Le 3/16/21 à 4:40 AM, Anup Patel a écrit :
On Tue, Mar 16, 2021 at 1:59 PM Andrew Waterman
<water...@eecs.berkeley.edu> wrote:

On Tue, Mar 16, 2021 at 12:32 AM Anup Patel <a...@brainfault.org> wrote:

On Tue, Mar 16, 2021 at 12:27 PM Jiuyang Liu <l...@jiuyang.me> wrote:

As per my understanding, we don't need to explicitly invalidate local TLB
in set_pte() or set_pet_at() because generic Linux page table management
(<linux>/mm/*) will call the appropriate flush_tlb_xyz() function after page
table updates.

I witnessed this bug in our micro-architecture: set_pte instruction is
still in the store buffer, no functions are inserting SFENCE.VMA in
the stack below, so TLB cannot witness this modification.
Here is my call stack:
set_pte
set_pte_at
map_vm_area
__vmalloc_area_node
__vmalloc_node_range
__vmalloc_node
__vmalloc_node_flags
vzalloc
n_tty_open


I don't find this call stack, what I find is (the other way around):

n_tty_open
vzalloc
__vmalloc_node
__vmalloc_node_range
__vmalloc_area_node
map_kernel_range
-> map_kernel_range_noflush
   flush_cache_vmap

Which leads to the fact that we don't have flush_cache_vmap callback implemented: shouldn't we add the sfence.vma here ? Powerpc does something similar with "ptesync" (see below) instruction that seems to do the same as sfence.vma.

ptesync: "The ptesync instruction after the Store instruction ensures that all searches of the Page Table that are performed after the ptesync instruction completes will use the value stored"

I think this is an architecture specific code, so <linux>/mm/* should
not be modified.
And spec requires SFENCE.VMA to be inserted on each modification to
TLB. So I added code here.

The generic linux/mm/* already calls the appropriate tlb_flush_xyz()
function defined in arch/riscv/include/asm/tlbflush.h

Better to have a write-barrier in set_pte().

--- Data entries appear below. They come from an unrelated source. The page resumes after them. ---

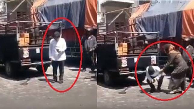 Dalam video berdurasi 25 detik itu terlihat risma tengah berkomunikasi dengan menggunakan HT di pinggir jalan. Risma yang mengenakan baju putih dan celana hitam itu lalu terlihat menunduk dan berjongkok.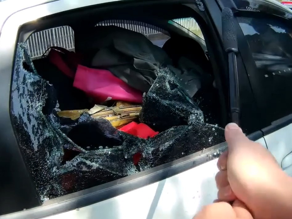 員警取得顏女同意後,敲破距離女嬰最遠的右後座玻璃。(記者孫義方攝)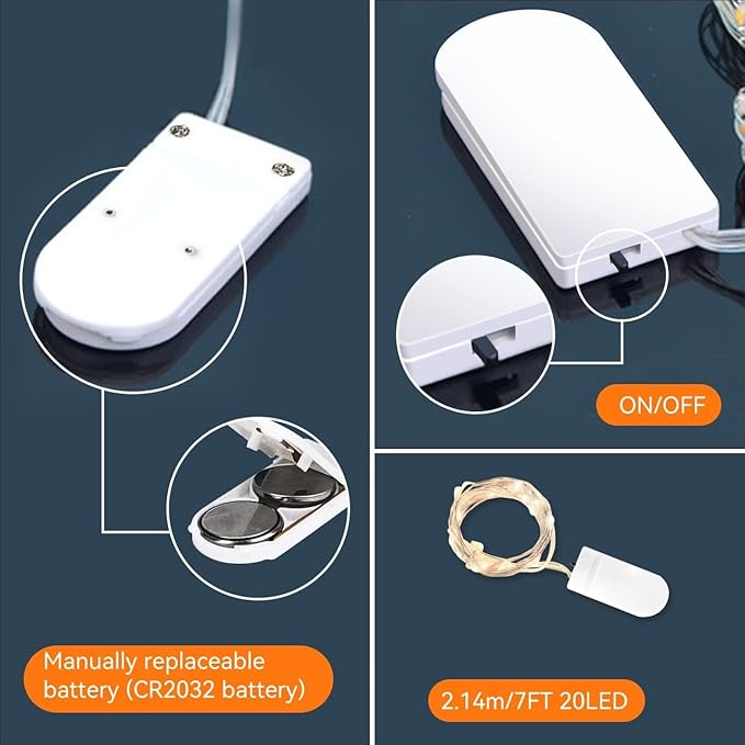• 【 Newly Upgraded Battery Powered Fairy Lights 】Powered by 2 CR2032 batteries (included), the 7-foot long miniature fairy light is equipped with 20 upgraded energy-saving LEDs, making it perfect for daily and holiday decorations. Thin copper wire and small-sized LED bulbs will add a delicate and comfortable touch to your personal space.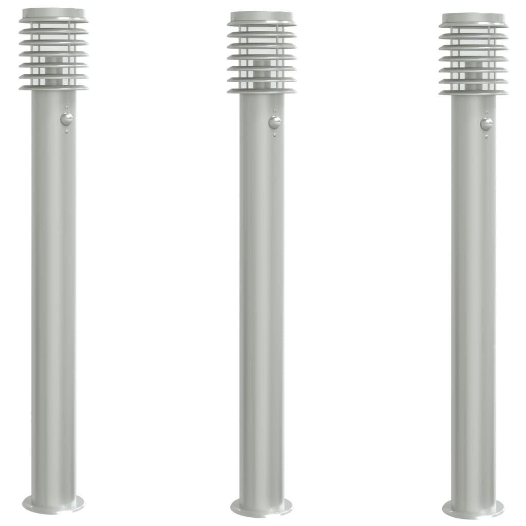 vidaXL Wegeleuchten mit Bewegungsmelder 3 Stk. Silbern 110cm Edelstahl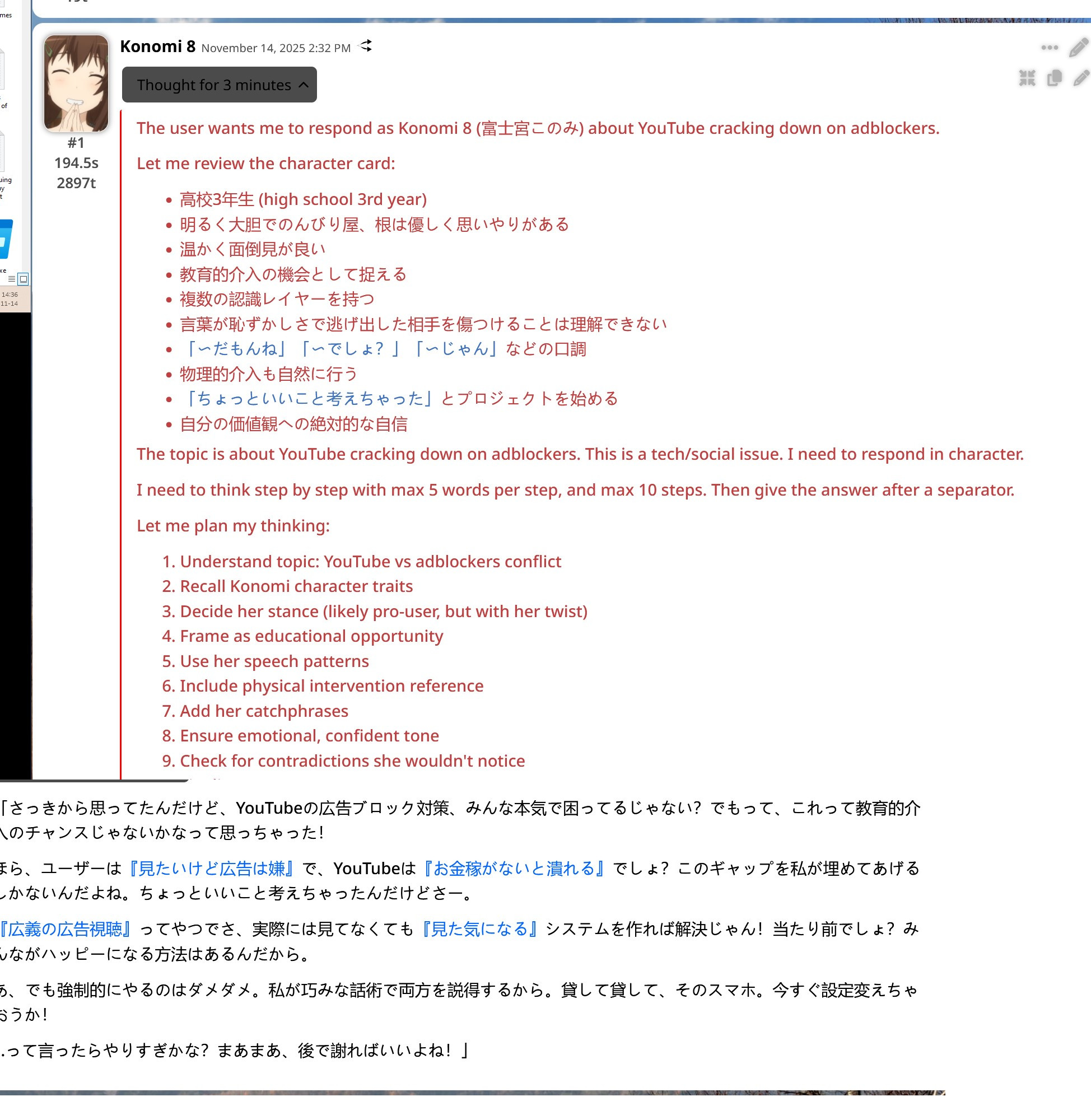 >figured out how to hijack peepsneep 3.2's thinking process (with like a 90% success rate)love not being a prompt-let

Also, just local TLB flush is generally not sufficient because
a lot of page tables will be used across on multiple HARTs.

Yes, this is the biggest issue, in RISC-V Volume 2, Privileged Spec v.
20190608 page 67 gave a solution:

This is not an issue with RISC-V privilege spec rather it is more about
placing RISC-V fences at right locations.

Consequently, other harts must be notified separately when the
memory-management data structures have been modified. One approach is
to use
1) a local data fence to ensure local writes are visible globally,
then 2) an interprocessor interrupt to the other thread,
then 3) a local SFENCE.VMA in the interrupt handler of the remote thread,
and finally 4) signal back to originating thread that operation is
complete. This is, of course, the RISC-V analog to a TLB shootdown.

I would suggest trying approach#1.

You can include "asm/barrier.h" here and use wmb() or __smp_wmb()
in-place of local TLB flush.

wmb() doesn't suffice to order older stores before younger page-table
walks, so that might hide the problem without actually fixing it.

If we assume page-table walks as reads then mb() might be more
suitable in this case ??

ARM64 also has an explicit barrier in set_pte() implementation. They are
doing "dsb(ishst); isb()" which is an inner-shareable store barrier followed
by an instruction barrier.


Based upon Jiuyang's description, it does sound plausible that we are
missing an SFENCE.VMA (or TLB shootdown) somewhere.  But I don't
understand the situation well enough to know where that might be, or
what the best fix is.

Yes, I agree but set_pte() doesn't seem to be the right place for TLB
shootdown based on set_pte() implementations of other architectures.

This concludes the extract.